Our two-day course on high-performance machine learning provides the necessary skills to train neural networks and extract the most relevant information from datasets. During our hands-on sessions you will have the opportunity to work on our high-performance systems with different types of data, and learn how to tune your model to obtain optimal results in the most efficient way. Curious about what you're going to learn?
Uncover the essence of machine learning theories and algorithmic insights through hands-on exploration. For example, work with a high-level machine learning API (Keras) or explore hyperparameter space to improve a neural network. Additionally, dive into fully connected networks, convolutional networks and autoencoders (time permitting).
Program day 1:
- Introduction to Deep Learning
- Using the PyTorch framework
- Fully connected networks, Convolutional networks, Autoencoders (time permitting)
Learn how to set up your (preinstalled) software environment and overcome file limitations that can slow down your training speed. Grasp the technical capabilities of modern day CPUs and GPUs and how to use multiple CPUs or GPUs in a single training. Finally, discover how to find bottlenecks in your code through creating a (PyTorch) profile.
Program day 2:
- Software installations on HPC systems
- Packed file formats for Machine Learning
- Parallel computing for deep learning
- Hardware (e.g. Tensor cores) and software features (e.g. low level libraries for deep learning) to accelerated deep learning
- Profiling TensorFlow with TensorBoard
Everyone interested in getting familiar with machine learning at scale, from the basics up to more advanced topics.

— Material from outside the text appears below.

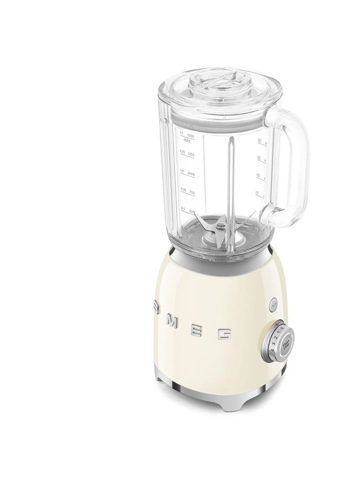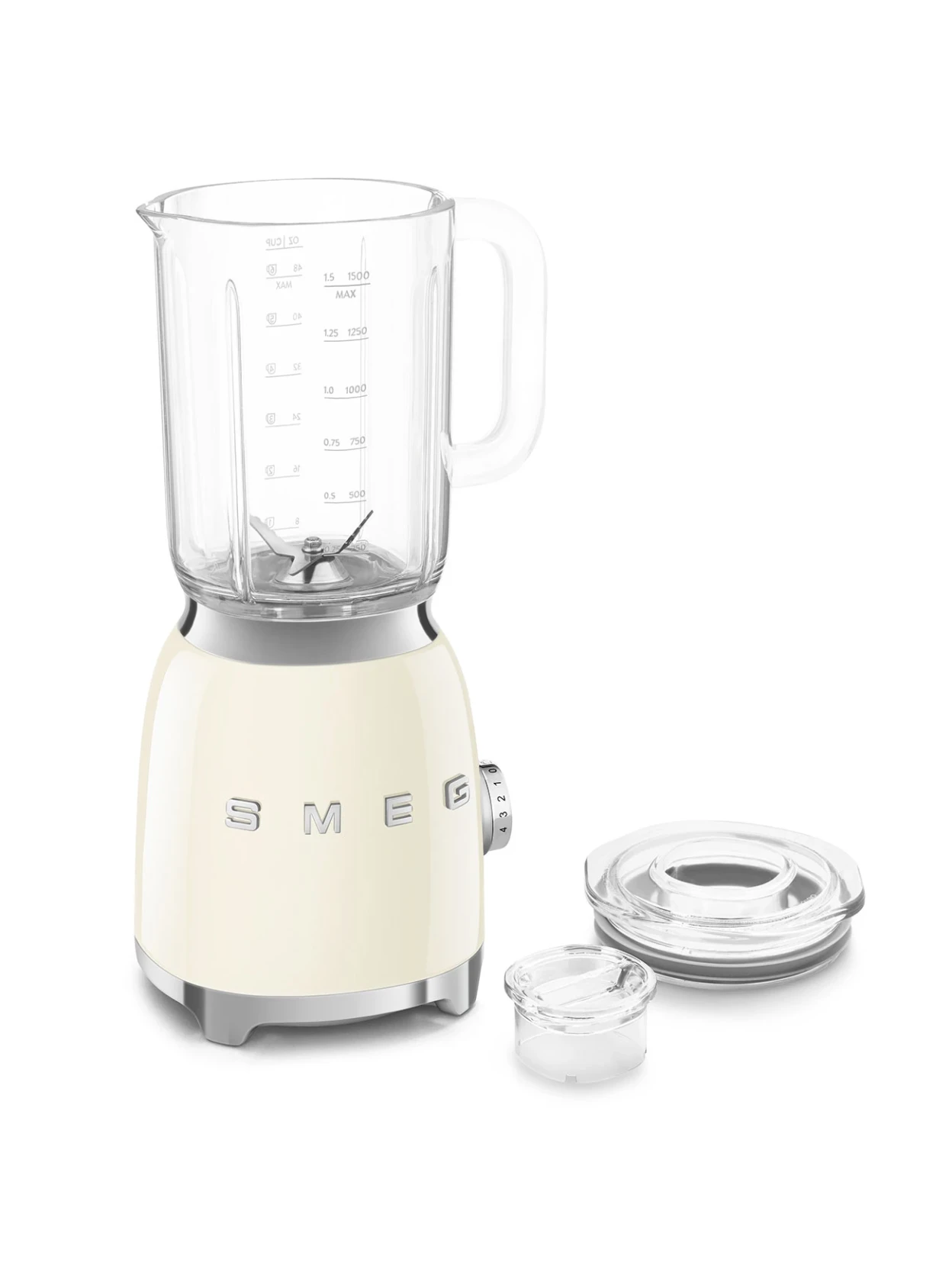Smeg Cream 50's Style Blender: timeless elegance and high performance. 800W motor, 4 speeds, Smoothie, Green Smoothie, and Ice Crusher programs for perfect results every day. 1.5L jug, stainless steel blades, and Auto Clean function for quick cleaning.

If you're unable to attend in Amsterdam, we offer the possibility to follow this course online. However, our preference is for you to be physically present for the best learning experience.
You can apply for this course if you have:
- Basic knowledge on statistics;
- Basic knowledge on linear algebra;
- Basic knowledge on Python programming;
some experience with the use of Jupyter Notebooks is desirable, but not essential;
- Basic knowledge on parallel computing is helpful, but not required.